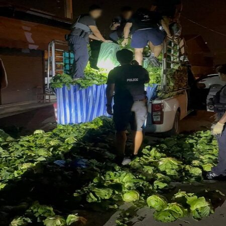 ต่อมาวันที่ 12 พ.ย. 68 เวลาประมาณ 23.15 น. เจ้าหน้าที่ตำรวจชุดจับกุม พบรถยนต์ดังกล่าวจากการแกะรอยเชิงลึกพบเดินทางมาจากภาคเหนือตรงตามการรวบรวมข้อมูลที่ได้จากขยายผลเครือข่ายตามที่ที่สืบสวนก่อนแสดงตัวเป็นเจ้าหน้าที่ตำรวจเพื่อขอทำการตรวจค้น พบผู้ขับขี่คือ นายจาย และ น.ส.หอม สัญชาติเมียนมาร์ นั่งผู้โดยสารพบผลการตรวจค้นรถยนต์คันดังกล่าว พบกระสอบซุกช่อนอยโดยใช้กระหล่ำปลีอำพรางยาเสพติดพบยาไอซ์และยาบ้าดังกล่าว จากการสอบสวนให้การรับสารภาพว่าได้ค่าจ้าง 20,000 บาท แบ่งกับเพื่อผู้หญิงโดยสารมาด้วยคนละ 10,000 บาท อ้างบอกทำเพียงครั้งแรกโดยรับจ้างคนสั่งการเป็นชาวสัญชาติลาว
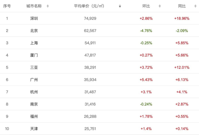二手房同比涨幅第二名的南京,同环比分别上涨4.31%和0.39%,在深圳的巨大涨幅面前并不起眼。
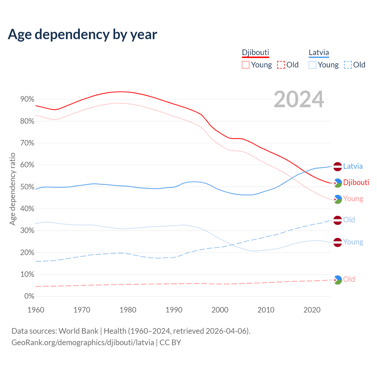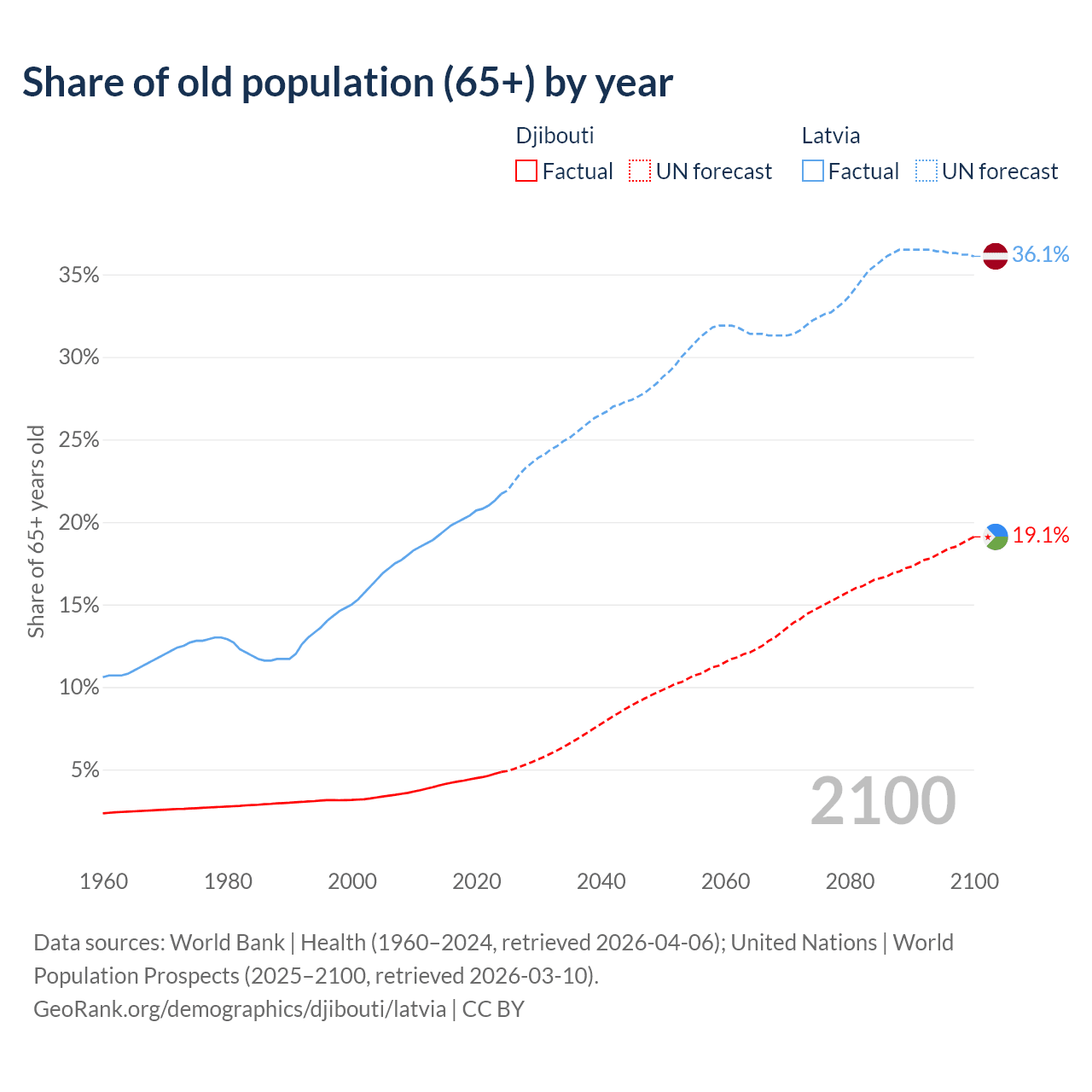 - The share of old-age demographic (65+) in Djibouti is 4.85% vs 21.7% in Latvia.
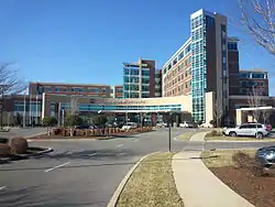 The 556,361-square-foot (51,687.6 m2) facility is the focal point of a 68.5-acre (27.7 ha) medical campus. Two patient towers contain 286 all-private patient rooms. Other features include a 32-bed intensive care unit, a 21,000-square-foot (2,000 m2) emergency department, expanded maternity services, and a surgical suite with 10 operating rooms.[5]
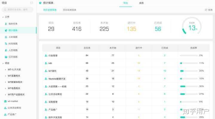 任务执行中的能力:能随时查看目前整个公司都有哪些项目,分别的当前进度情况,以及每个项目的时间节点;当然它也支持项目内统计和任务全局统计,报表也能根据需求进行自定义。
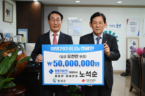 [충청뉴스 권상재 기자] 홍동면 출신인 노석순(원영건업 대표이사) 홍동면 명예면장이 지난 18일 홍성군청을 방문해 고향사랑 실천으로 5,000만 원의 이웃사랑 성금을 기탁해 지역사회에 귀감이 되고 있다.
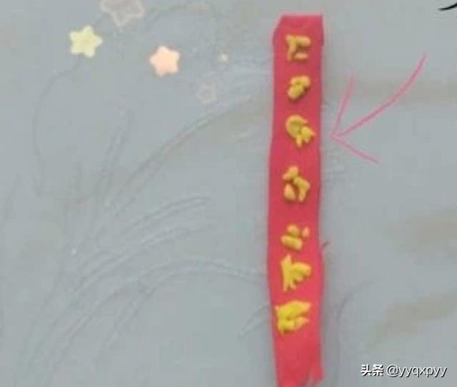 8.用黄色的黏土随意粘贴一些黄色的图案,做围巾
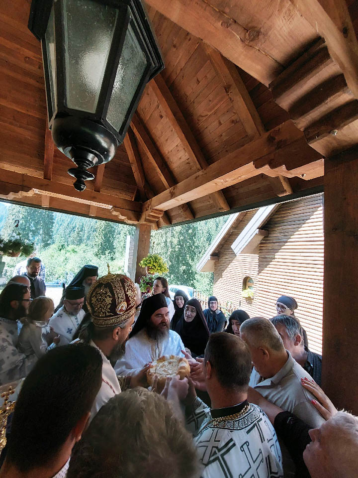 Заједничарење је настављено уз трпезу братске љубави. Сабрани су честитали славу игуману о. Владиславу (Цветковићу).
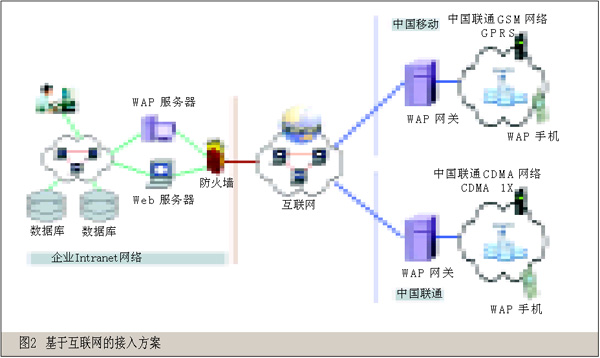 在這種方式中,企業(yè)員工無論使用GSM還是CDMA制式手機均可以訪問WAP服務器,即使國際漫游狀態(tài)也可以通過當?shù)氐?.5G(或2G)網(wǎng)絡登錄Internet訪問企業(yè)的信息,WAP手機設置采用運營商提供的標準設置,具有較強的技術(shù)通用性。
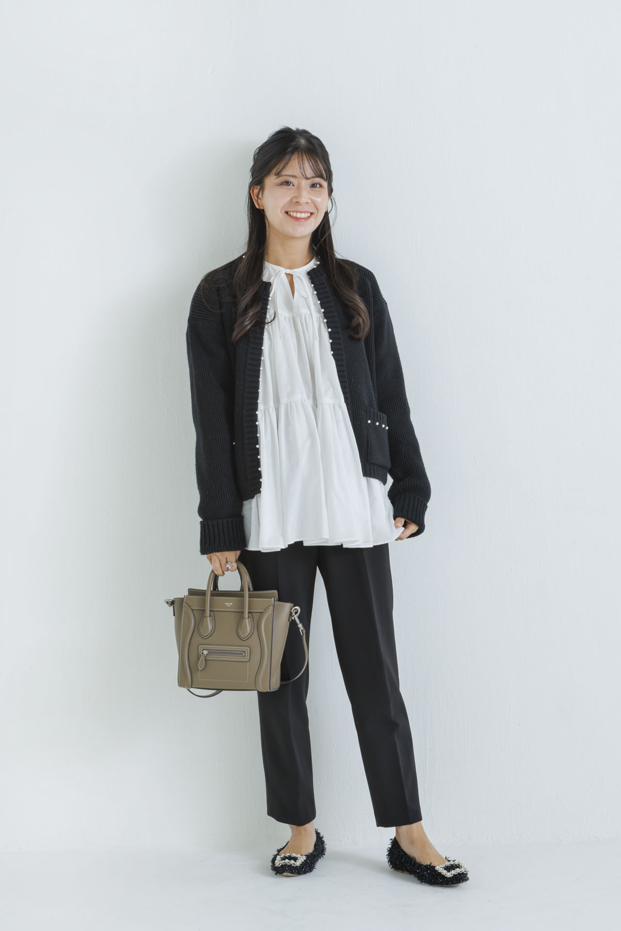 blouse/yori cardigan/TSURU By MARIKO OIKAWA pants/Mila Owen bag/CELINE shoes/pippichic
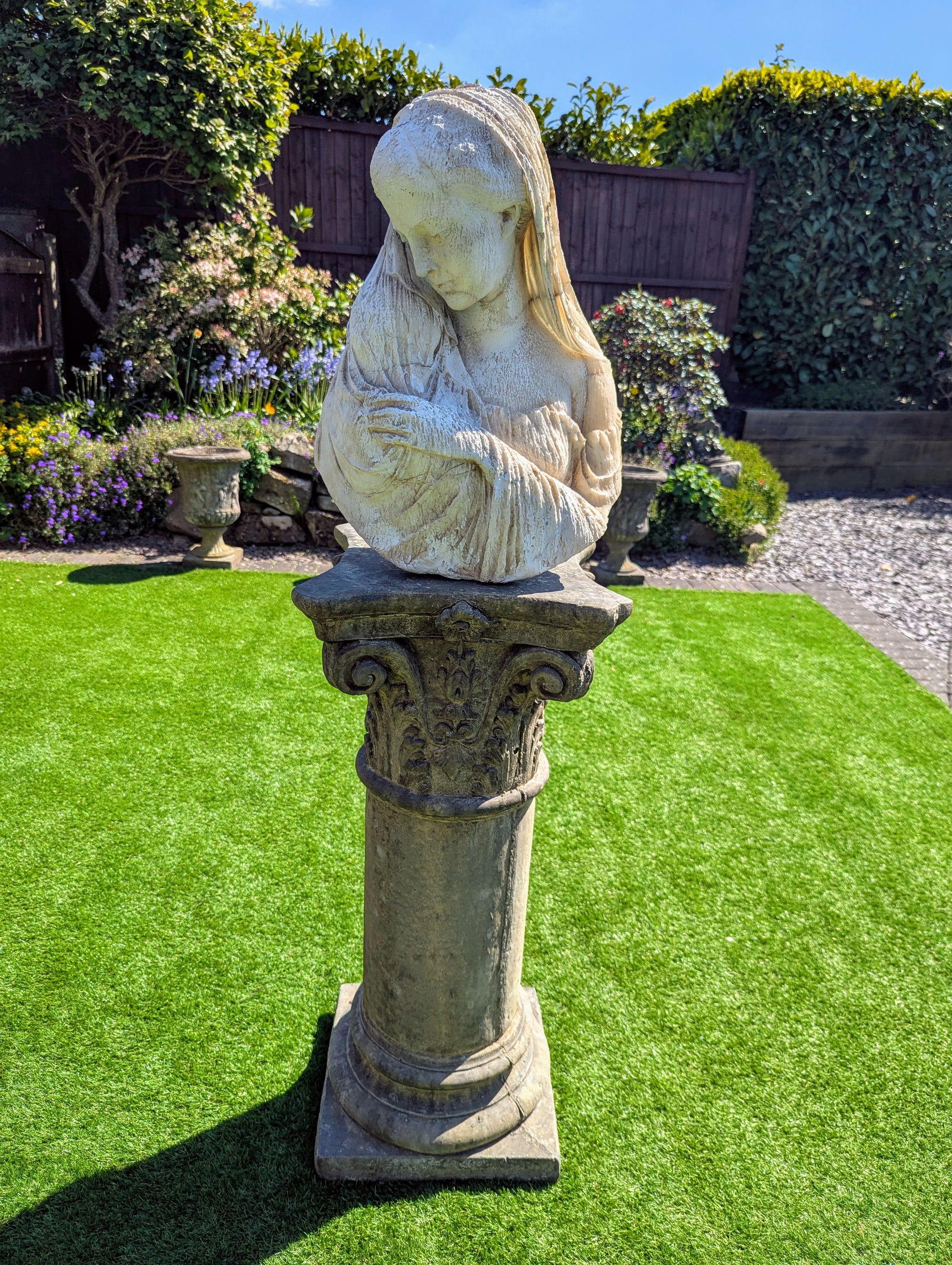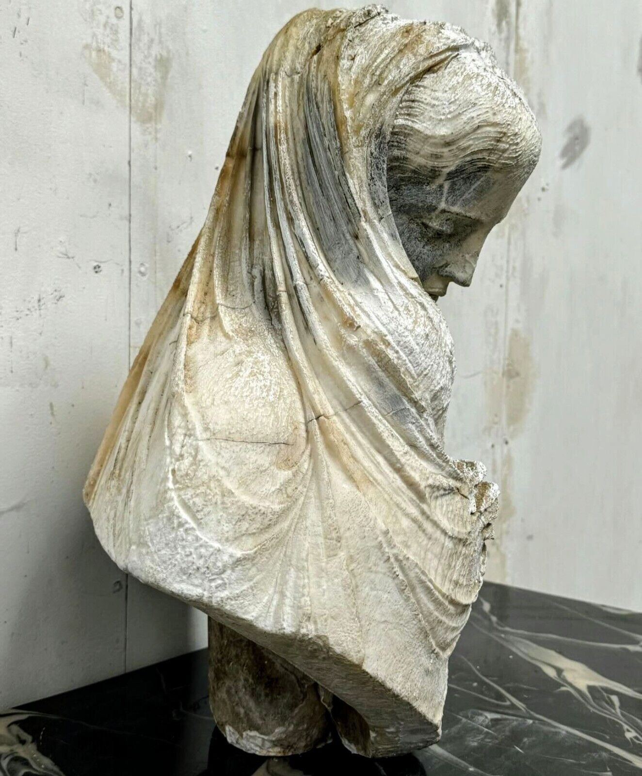 Beautiful weathered Carved Marble Madonna & Child Bust - Free UK Delivery
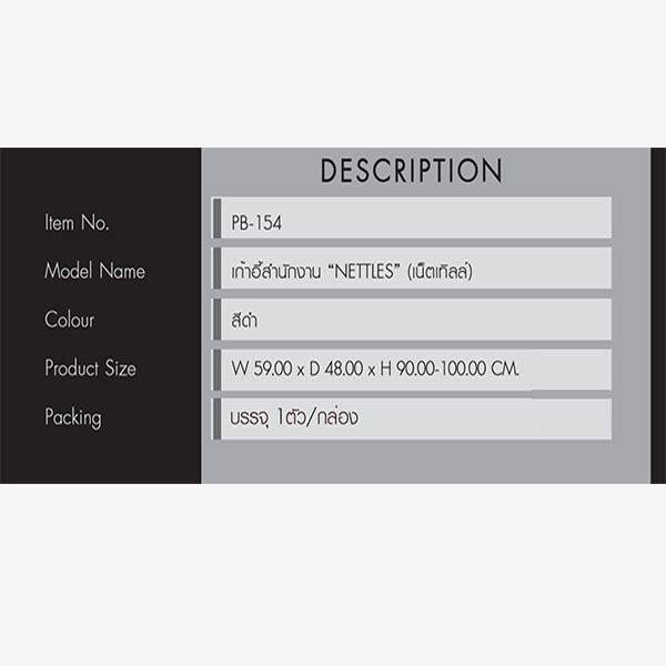โครงที่นั่งเป็นแผ่นไม้ บุด้วยฟองน้ำ หุ้มด้วยผ้าตาข่าย(Dobble Mesh) ช่วยเสริมความนุ่มสบายในการนั่งมากยิ่งขึ้น

- **Task statement**
Begin with the line that has "blouse/yori cardigan/TSURU By" and continue to the last line of the entries, printing each line exactly and nothing else; include both ends and skip the pictures.

- **Exercise response**
 blouse/yori cardigan/TSURU By MARIKO OIKAWA pants/Mila Owen bag/CELINE shoes/pippichic
 Beautiful weathered Carved Marble Madonna & Child Bust - Free UK Delivery
โครงที่นั่งเป็นแผ่นไม้ บุด้วยฟองน้ำ หุ้มด้วยผ้าตาข่าย(Dobble Mesh) ช่วยเสริมความนุ่มสบายในการนั่งมากยิ่งขึ้น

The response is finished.